Remi Forax forax at univ-mlv.fr
Tue Sep 1 07:36:02 UTC 2015


Did a say that i really dislike the List<any> notation :)

answer (maybe) inlined

On 09/01/2015 04:04 AM, John Altidor wrote:
> Hi Brian,

i'm not Brian, but i will answer nevertheless.

>
>
> I am new to this mailing list. 

welcome :)

>  My PhD dissertation covered subtyping with
> variance and Java wildcards extensively, so the questions you raised in
> this thread are very interesting to me.  I was wondering how you are
> handling the translational aspects of wildcards and specialized generic
> methods.

is your dissertation available ?

>
>
> Your earlier post asked how to represent List<any> in bytecode.  Since
> List<any> is a supertype of both List<int> and List<double>, for example,
> type List<any> should only support operations that can be applied to both
> List<int> and List<double>.  One such operation is counting the number of
> elements using method List.size().  Which byte representation would support
> being able to dispatch List.size() on both an instance of List<int> and an
> instance of List<double> ?

Brian has suggested to create a fake interface containing the common operations with List<int> and List<double> implementing such interface. For me, List<any> should be erased to Object (oh no erasure) and invocation should be done using invokedynamic.

>
>
> It seems such a byte representation would need to be independent of fields.

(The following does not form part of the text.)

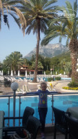 Отдыхали вдвоём (мама +дочка 7 лет) с 02,06,2016 по 09,06,2016.До этого отеля отдыхали в 5*о.Родоса. Летели от "Пегаса"-рейсы на переносились, трансфер отличный, гид Сервар ( извините может неправильно имя) все предложил, все рассказал, но не навязывал и это просто какое-то чудо. Спасибо ему большое. Жили в центрольном корпусе - номер 230. Вид на бассейн и великолепные горы, пальмы, и кусочек моря. Территория великолепная. Сосны, пальмы,газоны, цветы, чистейшее море. Народ в отеле- Украина80%,и Казхстан,Узбекистан,Азейбаржан... Сразу скажу- кто любит тишину(не любит звуки диско, павлинов с соседнего отеля, барные посиделки) -Вам в бунгало. Бунгало расположен через дорогу в тишине и спокойствии( идти недолго 5 мин., без лестниц- плавная дорожка.) Мы ходили туда каждый день на горках покататься. Номер- чистый, все работало, немного подуставший( но если только ночевать- пойдет). Персонал- все очень приветливые, на рецешен готовы помочь во всем. Огромное спасибо команде аниматоров- ребята выкладываются на 300%- особенно Эдди и Алине( они занимали наших детей 24 часа в сутки) Хотя некоторых детей я б уже три раза прибила за вопиющую невоспитанность и отморозков родителей.Питание- разнообразное, из мяса индюшка и курица , говядина (редко), из рыбы- скумбрия, и мелкая какая-то жаренная. Фрукты- арбуз,нектарины,яблоки,абрикосы. Сладкое-всевозможные турецкие. Пляж- песочно-галечный, при входе в море купная галька-берите аквашузы. Пирс есть- можно попрыгать и спускаться по нескольким лестницам. Огромный бар на пляже- можно не ходить на обед в главный ресторан. Рядом пекут лепешки с 11.00. Рестораны аля-карт бесплатно можно посетить один раз или турецкая кухня или рыбный. Мы выбрали рыбный и не прогадали- очень вкусно! Вообщем отдых удался. Есть вопросы- отвечу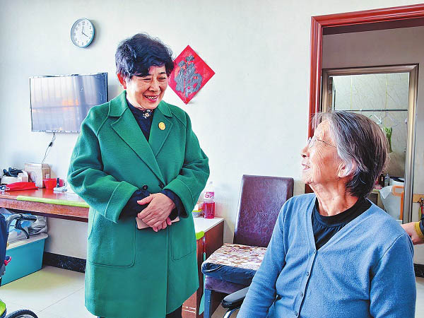 张淑芬(左)在养老服务中心看望老人,了解老人生活情况和需求。陈冰 摄

fields access can be emulated using getters/setters as Brian said.

>
>   The number of bytes needed to represent an instance differs among
> primitive types (e.g. int and double).  As a result, it seems List<int> and
> List< double> may differ in the number of bytes needed for their fields.
> In that case, one could not know the number of bytes in the instance of
> List<any> returned from the following method:
>
> List<any> func(int input_num) {
>   if(input_num is odd)
>     return new List<int>();
>   else
>     return new List<double>();
> }

You use a getter which is implemented differently on each class.
In the case of invokedynamic, you don't even need to generate such getters
in the implementation of List<int> or List<double> because you can create
method handles that read/write fields at the expense of maybe having a
code less optimized if the number of implementations of List
(think List of different value typess) explode.

>
>
> In addition to type-independent methods such as List.size(), another
> operation that is type safe to allow on an instance of List<any> is
> wildcard capture. 

yes, very good comment !

>  Consider the generic method, swapFirstTwo, below that
> just swaps the order of the first two elements in the input list.  It is
> type safe to pass an instance of List<any> to this method (because no
> runtime type error would occur).
>
> <any T> void swapFirstTwo(List<T> list) {
>   T first = list.getAndRemoveFirst();
>   T second = list.getAndRemoveFirst();
>   list.addToBeginning(first);
>   list.addToBeginning(second);
> }
>
> Would two calls to method swapFirstTwo, one with a List<int> as input and
> the other method call with a List<double> as input, result in two
> specialized copies of method swapFirstTwo in byte code? 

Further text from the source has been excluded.